A letter from a Department of Environmental Quality official tells Bruce Remai, the head of the county’s Soil Erosion and Sedimentation Department, that his department was deficient in dealing with problems on a construction site at M-72 and Lautner Road and urges him review compliance and enforcement procedures.

“It appears that the (Grand Traverse County Enforcing Agency) has not effectively escalated enforcement on this particular site in a timely manner and in such a way as to ensure a prompt return to compliance," wrote Justin Bragg, an environmental quality analyst for the DEQ, in the Nov. 3 letter.

Clay sediment spilling off the site worries both environmentalists and residents who worry that the particles could choke off plants and wildlife and change the bottom of Grand Traverse Bay.

A vote by Grand Traverse County commissioners Monday night to contract out soil erosion inspections could reduce the department's responsibilities soon. Currently two part-time employees conduct site inspections.

Commissioners said the move would save money and allow them to respond to an increase in demand during the summer and a decrease in the winter.

"Don't tell me we need to have an expensive crew like that all the time," said county commissioner Dan Lathrop. "It can expand when we need it and contract when we don’t."

Commissioner Charlie Renny voted against the change because he said he worried it would hurt economic development in the county.

"I do have complaints from both developers and residents about inspections and the time it takes to get stuff done going through the construction codes office," Renny said.

County Finance Director Dean Bott said he hadn't yet calculated whether the move would save money or how much it could save. The Soil Erosion and Sedimentation Control Department is projected to generate $100,000 in revenues from permit fees, but expend more than $175,000. The difference comes out of the general fund, Bott said.

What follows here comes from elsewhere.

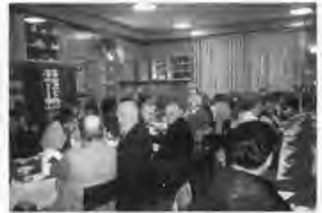
Adventsnachmittag in der Haushaltungsschule.

Anschließend sind wir in einer großen Gruppe zum Theater gefahren, wo wir den Auftritt des Chores der Deutschen Sozial-Kulturellen Gesellschaft bewundert haben. Wie im letzten Jahr, so fand auch dieses Jahr wieder ein Folklore-Festival statt. „Unser Chor“ bildete mit Weihnachtsliedern wieder den Abschluß der Veranstal-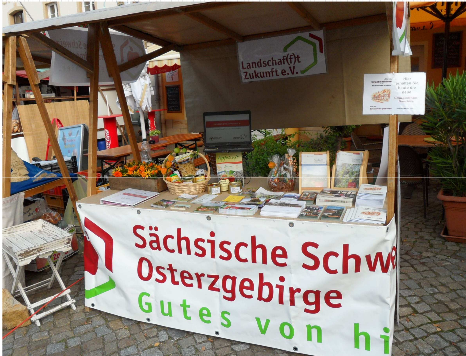
07.09.2014 - 18. Naturmarkt Sächsische Schweiz in Wehlen

The decision comes after commissioners learned of the letter from the DEQ. 

Commissioner Christine Maxbauer said she was most concerned that county prosecutor Bob Cooney didn't know about the letter until commissioners told him about it Tuesday.

Commissioner Larry Inman said the letter came as a surprise to him as well and raised questions about trust and ethics with the department.

"Up pops this letter nobody knows about, that states they didn’t follow the plan and that there are violations and that there needs to be a written remediation plan and it needs to be submitted and corrective action needs to be taken immediately. Guess what? Nobody knows anything about it," Inman said.

Commissioner Herb Lemcool said he learned about the letter at about the time it came out.

State officials sent the written reprimand after they inspected the site and found “significant” violations. Those violations were not dealt with even after the county sent a compliance notice to the developer, notifying them of problems that had to be fixed.

The letter notes that the county is responsible for enforcing Part 91, a law that regulates sediment on construction sites. 

Remai sees things a little differently. In an email to County Administrator David Benda, he said that the county’s role is minimal.

“As you can see there are multiple permits and multiple agencies involved in this project. The Grand Traverse County Soil Erosion Department's role in this project is very small compared to the other agencies involvement,” Remai wrote.

Remai did not return requests for comment.

County inspector Pete Bruski did issue a notice of violation to Steve Schooler, the director of construction at the Village of Grand Traverse on Nov. 7. The notice allows the county to act on its own to fix the problems, issue fines or file injunctions.